Not Enough Net Savings In The World To Fund The US Budget Deficits:
Finally, there are the reports from the Bank For International Settlements (BIS). For more than a decade, the BIS has repeatedly pointed out that the US is absorbing about 60 percent (or slightly more) of the rest of the world's net monetary savings! This fact, all by itself, proves that the huge US budget deficits now officially planned cannot be funded by the rest of the world because there is not enough net monetary savings to do the job. The US Treasury cannot fund its own spending budget and Americans don't save enough to fund it. Now the rest of the world cannot fund the US Treasury either. At the end of that road lies a day where the US Treasury cannot sell its debt paper."
SILVER
Holding paper looks riskier than ever these days. For that matter, holding most assets looks dangerous. What would you rather own stocks, real estate, bonds, currencies, collectibles or silver and gold? These two precious metals have a history of performing well when other assets shrivel in value. We believe it's downright neglectful not to have a minimum of 10% of your net worth in silver.
Up to a few weeks ago, 100-ounce bars were nearly impossible to get. Lately we've been able to line up a supply of attractive new bars. The nice thing about 100-ounce bars is that they're not too heavy. They're portable and they stack well in a safe or small hidden space. You get a lot of silver for the money with these 100-ounce bars and they are highly liquid. We don't know how long these bars will be available. Demand could once again overwhelm supply. Buy some of these bars now and salt them away. Each one could become a significant repository of wealth. Call us now at 1-800-328-1860 and order 100-ounce bars.
Sincerely,
James R. CookPresident
P.S. Twelve years ago I wrote the following: "America lives beyond its means. Long-term trends in profits, incomes, savings and investments are unhealthy. Runaway consumption, debt and speculation, on top of soaring trade deficits, can't be sustained. They threaten a financial disaster of a magnitude that exceeds anything in history.
Money and credit trends give even more cause for alarm. Monetary easing and declining long-term interest rates fuel a boom in mortgage refinancing and consumer borrowing. This, along with reduced savings and stock gains propel spending and economic growth. A huge credit bubble is lockstep with a huge speculative stock market bubble lays at the core of U.S. economic strength Massive exposure to derivative risk by U.S. banks is another alarming trend.

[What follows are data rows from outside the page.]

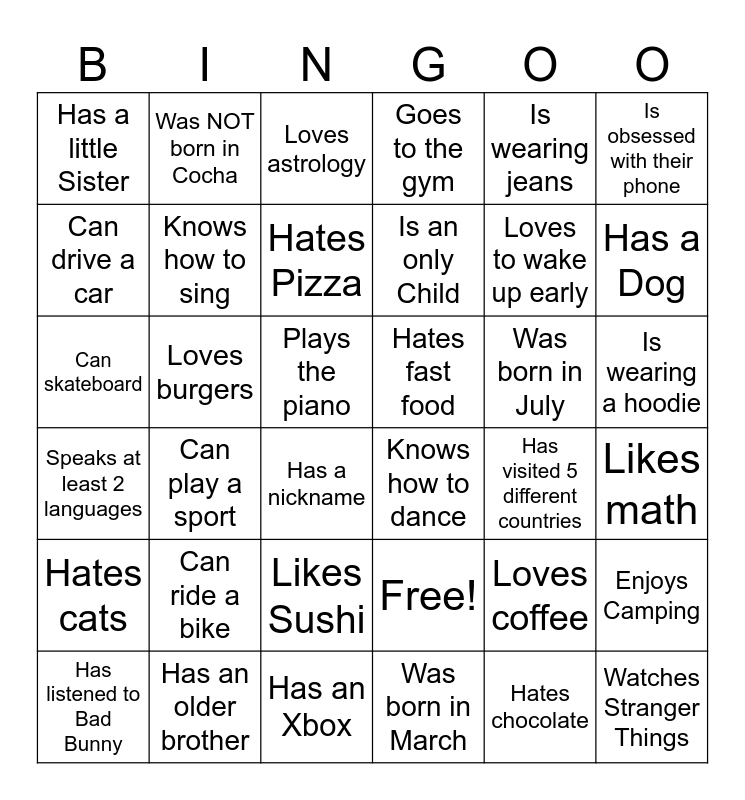This bingo card has 36 words: Free!, Likes Sushi, Was born in March, Can drive a car, Speaks at least 2 languages, Hates fast food, Knows how to sing, Has an Xbox, Is wearing jeans, Loves coffee, Has a Dog, Goes to the gym, Enjoys Camping, Loves burgers, Is an only Child, Has a little Sister, Hates cats, Was born in July, Can skateboard, Loves astrology, Plays the piano, Can play a sport, Knows how to dance, Has a nickname, Has visited 5 different countries, Was NOT born in Cocha, Loves to wake up early, Has an older brother, Hates Pizza, Is obsessed with their phone, Watches Stranger Things, Has listened to Bad Bunny, Likes math, Is wearing a hoodie, Can ride a bike and Hates chocolate.
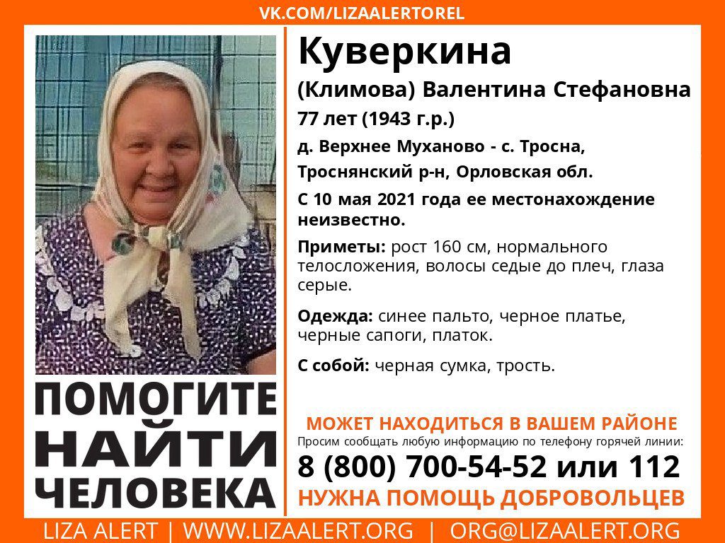 9Орловские поисковики объявили о новом поиске человека. На этот раз пропала 77-летняя Валентина Стефановна Куверкина из села Вернее Муханово, Троснянского района, Орловской области.
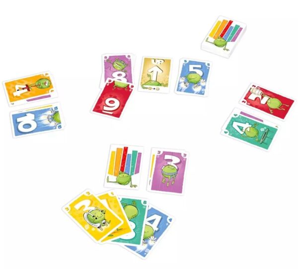 Dans le jeu Ptit Pois, vous cherchez à vous débarrasser en premier des cartes de votre main OU de votre rangée. Mais attention, si la somme des cartes qu’il vous reste dépasse celle des autres joueurs, vous vous plantez ! Le hic ! Une partie seulement des cartes de votre rangée est visible… À vous donc, de faire monter et descendre astucieusement les chiffres au centre de la table pour gagner le droit de révéler vos cartes cachées, mettre fin à la partie au bon moment et faire rager vos adversaires !
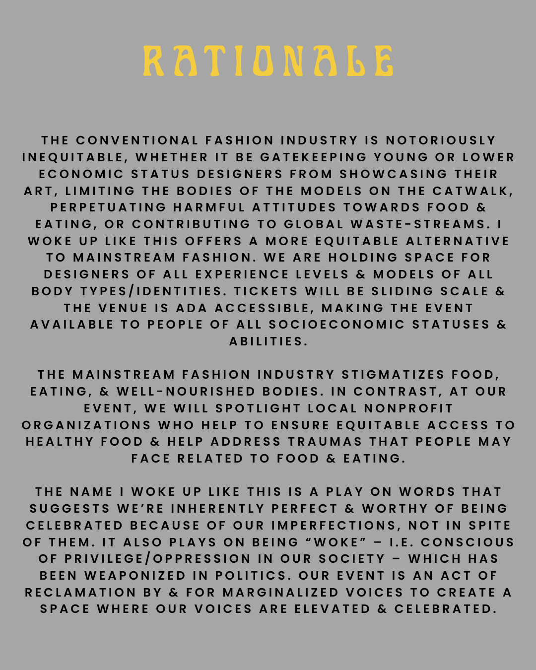“Eye Woke Up Like This”Food + Fashion Extravaganza October 11, 2-6pm@ Woodhouse Brewery, Santa Cruz Acquire Tickets Below: Eye Woke Up Like This - Food + Fashion Extravaganza from $15.00 Participate: Call to Models Apply to Vend / Live Paint/ Table for Community Orgs

Major banks appear to be speculating heavily in currency and derivative markets.
Our economic sins are real. They defy ready solutions. Consequently, you can lose enormously on your paper assets. Your retirement and savings plans can be devastated. The government can be overwhelmed trying to cover guarantees and losses, to say nothing of trying to solve its own debt and currency problems. What passes for economic normalcy in America today is pure folly."